Global warming and climate change triggered a rapid evolution of reptiles nearly 60 million years ago.
Research has shown that climate-induced mass extinctions in the geological past can have dramatic effects on organismal evolution.
In the Permian-Triassic climatic crises (265 million years ago and 230 million years ago), climatic shifts caused by global warming led to a series of climatic shifts.
Two of the largest extinctions in life’s history occurred at the end of the Permian period. The first was 261 million years ago, and the second was 252 million years ago, with the latter resulting in the extinction of 86% of all animal species on earth.
It is important to note that the end-Permian extinctions are significant in their magnitude and mark the beginning of a new era in animal evolution while reptiles dominated on land.
On land, synapsids, the ancestors of mammals, dominated the vertebrate fauna during the Permian.
In the Triassic Period, following the Permian extinctions (252-200 million years ago), reptiles evolved rapidly, resulting in a huge variety of reptiles. The expansion of ecosystems contributed to the creation of modern ecosystems and many extinct ones as well.
According to most paleontologists, these rapid evolutions and diversifications were caused by the extinction of competitors, which allowed reptiles to take over the habitats and food resources that several synapsid groups dominated before they disappeared.
In a study published in Sciences Advances, the Harvard University Museum of Comparative Zoology and Department of Organismic and Evolutionary Biology argue that reptiles began rapidly evolving and reproducing much earlier than the end of the Permian, following a series of climate changes that steadily increased global temperatures for nearly 60 million years.
According to the study, a growing temperature was intimately related to these periods of rapid reptile evolution. It was estimated that nearly all reptile groups had evolved much faster than they had ever before, said lead author postdoctoral fellow Tiago R Simões.
A lack of data has restricted previous studies on these changes in marine animals, focusing mainly on the responses of terrestrial vertebrates.
The study authors examined early amniotes in the early stages of their evolution, which are precursors to all modern mammals, reptiles, birds, and their closest extinct relatives. Reptiles and mammals split from each other at this time and evolved independently.
“Reptiles represent an ideal and rare terrestrial system to study this question as they have a relatively good fossil record and survived a series of climatic crises, including the ones leading up to the largest extinction in the history of complex life, the Permian-Triassic mass extinction,” said Simões.
Mammalian ancestors were more prevalent than reptiles during the Permian period. The number of species and morphological variety of reptiles underwent a major shift during the Triassic. As a result, most living reptile groups (crocodiles, lizards, turtles) were formed, as well as several groups that are now extinct.
Scientists collected more than 1,000 fossils belonging to 125 species of reptiles, synapsids, and their closest relatives from the Permian-Triassic extinction, some 140 million years ago.

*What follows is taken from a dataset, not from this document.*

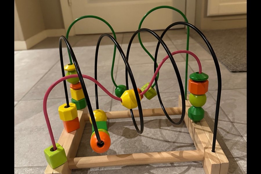 En rolig och lärorik kulram i trä. Perfekt för barn att utveckla sin motorik och sitt färgsinne. Med färgglada kulor och böjda trådar blir det en spännande leksak.

They were able to determine when these species first evolved and how fast they evolved using state-of-the-art analytical techniques such as Bayesian evolutionary analysis.

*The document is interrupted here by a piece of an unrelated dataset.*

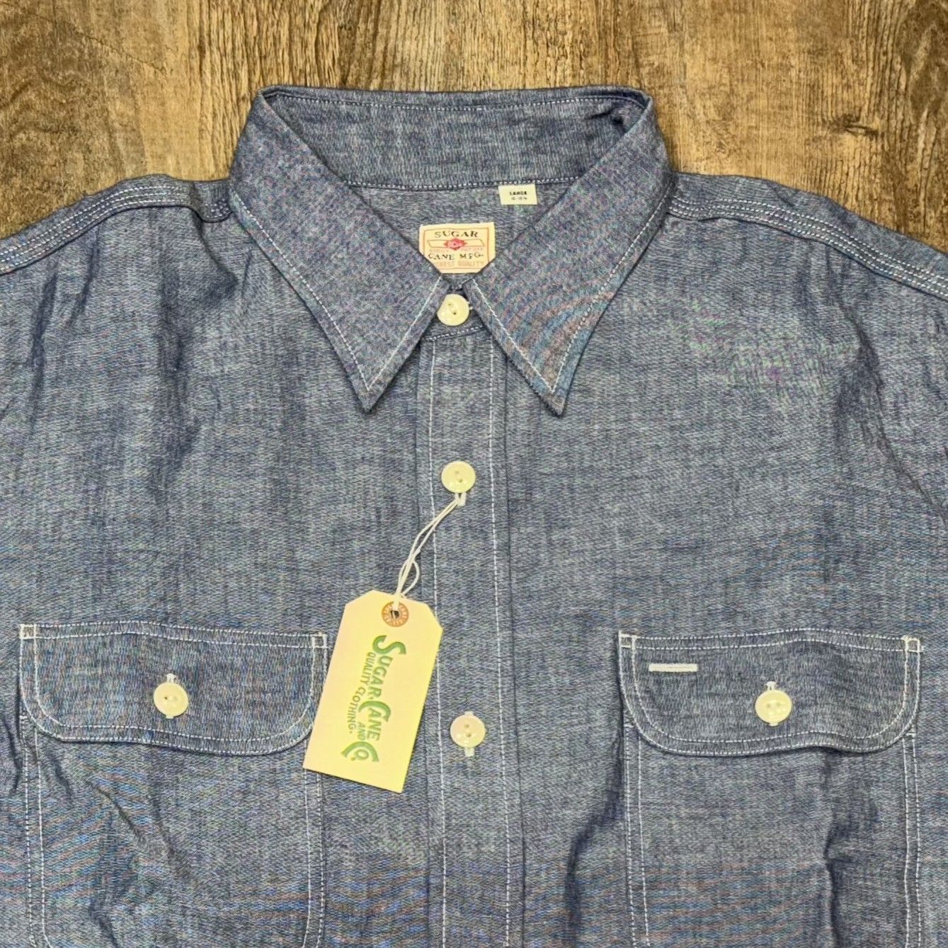 シュガーケーン ブルーシャンブレー ワークシャツ アメカジ SC 27850 421 ネイビー
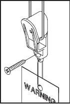 d. Holding the Tension Device upright, and in position, as shown, insert and secure the screw through the hole. The mounting screw must be secured into a solid surface or molly.

To provide a broad overview of the animals’ major adaptations to climatic changes, researchers combined the new dataset with global temperature data covering several million years.

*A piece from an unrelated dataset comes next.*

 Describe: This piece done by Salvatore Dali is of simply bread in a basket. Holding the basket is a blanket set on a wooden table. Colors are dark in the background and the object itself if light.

“Our results reveal that periods of fast climatic shifts and global warming are associated with exceptionally high rates of anatomical change in most groups of reptiles as they adapted to new environmental conditions,” said Professor Stephanie E. Pierce.
The diversification of reptile body plans did not occur as a result of the Permian-Triassic extinction event as previously believed but began tens of millions of years before that time. This process began at least 270 million years ago, the researcher concluded.